Most Mediterranean mountains have been subjected to strong demographic pressure during various periods of their history. In the case of the Spanish Pyrenees, almost constant population growth was reported from the Middle Ages until 1840–1860 (Ayuda and Pinilla 2002), when the highest population census was recorded. These demographic changes resulted in transformation of both landscape and the dry-farming agricultural system, including enlargement of cultivated areas in marginal lands, most of which were subjected to shifting agriculture procedures or slash-and-burn practices.

Shifting agriculture is an adaptation of traditional, pre-industrial societies to population growth that can be observed worldwide. It is still practiced in Africa, South America, Southeast Asia, and Oceania, on an area of about 30% of all cultivated land in the world, while it provides food for only 8% of the total population (Borggaard et al 2003). Nevertheless, social and economic pressure has led to the replacement of this agricultural practice by new crop production systems (Juo and Manu 1996). Shifting agriculture was also widely used in mountain areas of the northwestern Iberian Peninsula until 25 years ago (Soto et al 1995) and in the Pyrenees until the 1940s (Daumas 1976; Puigde-fábregas and Fillat 1986; Lasanta 1989).

A reasonable evolution of cultivated lands in mountain areas (García-Ruiz 1988; Ives and Messerli 1989) involved the occupation of the best lands (valley bottoms, flat areas) located close to settlements during the first stages, and then steeper areas as population increased (alluvial fans, foot of hillslopes). Bench-terraced fields (in most cases with stone walls) and sloping fields represented a “limit” stage during which most of the population was integrated within this traditional system (Lasanta 1989). Finally, continued population growth led to the appearance of a marginal population that was forced to practice shifting agriculture in peripheral areas, on very steep slopes located far from the settlements. Of course, this evolution is more complex in various local settings and depends on the physical and cultural characteristics of the communities. However, in general, this description of land occupation is valid for most European mountains until one century ago (Rabbinge and Van Diepen 2000; Taillefumier and Piégay 2003) and for North African mountains at present (Laouina et al 1992; Coelho et al 2004).

Marginal cultivated lands may have represented a large proportion of cultivated areas in mountains in the past. This is a crucial geoecological issue, since shifting agriculture practices are major factors in soil erosion, responsible for increased sediment yield and landscape degradation in several environments (Lasanta 1989; Ruiz-Flaño 1993; Soto et al 1995; Lianzela 1997; Barrow and Hicham 2000; Messerli 2000). However, only a few studies include quantitative, experimental information on soil loss in tropical and oceanic climate zones. In this article, we examine the geomorphic and hydrological effects of traditional shifting agriculture in a Mediterranean mountain area, and its evolution after farmland abandonment throughout the 20th century, in order to explain many of the current landscape characteristics.

The study area

The study was carried out in the Central Spanish Pyrenees, specifically in the Eocene Flysch Sector (Figure 1), where agriculture, grazing, and forest logging followed by farmland abandonment introduced extensive plant cover changes. Sandstones and marls alternate in thin beds that are strongly folded and faulted. Altitude ranges from 600 to 2200 m, with smooth divides and straight, regularized hillslopes. Active headwaters of ravines, sheet-wash in most deforested areas (García-Ruiz and Puigdefábregas 1982), and shallow landslides (Lorente et al 2002) are the most active erosion processes.

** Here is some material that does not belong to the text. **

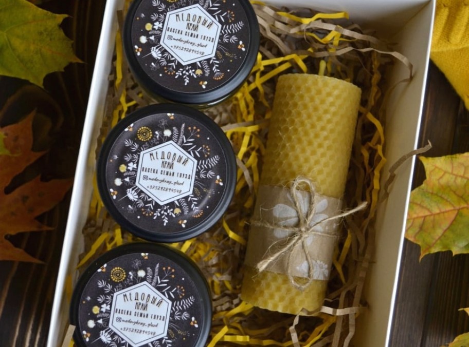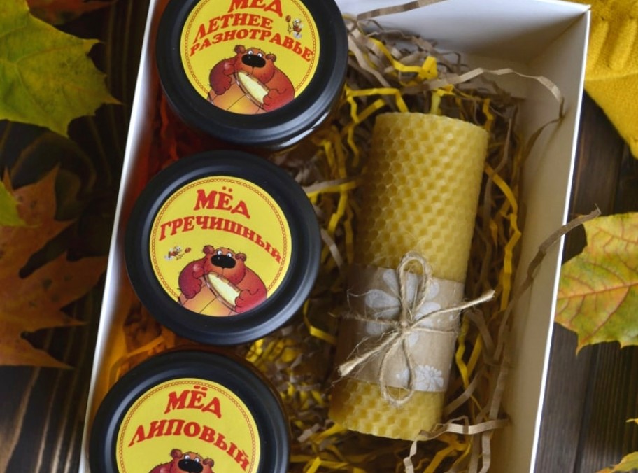 1). 3 вида мёда и свеча 13*5см.

The climate is sub-Mediterranean and slightly continentalized. Average annual precipitation ranges from 700 mm in the southernmost part of the study area to about 2000 mm in the divides. The wet season runs from November to April, with a short, dry summer.

Historically, cultivated areas were located below 1600 m in the valley bottoms, perched flats, and on the steep, south-facing hillslopes, which were cultivated even under shifting agriculture systems. The stoniness and low field capacity of Calcaric Regosol and Rendsic Leptosol soils indicate that these slopes have been affected by water erosion. The forests have remained relatively well preserved on the north-facing slopes and indeed everywhere between 1600 and 1800 m, where deep and well-developed Haplic Kastanozem and Haplic Phaeozem soils predominate. The upper divides are covered by grasslands of the sub-alpine belt.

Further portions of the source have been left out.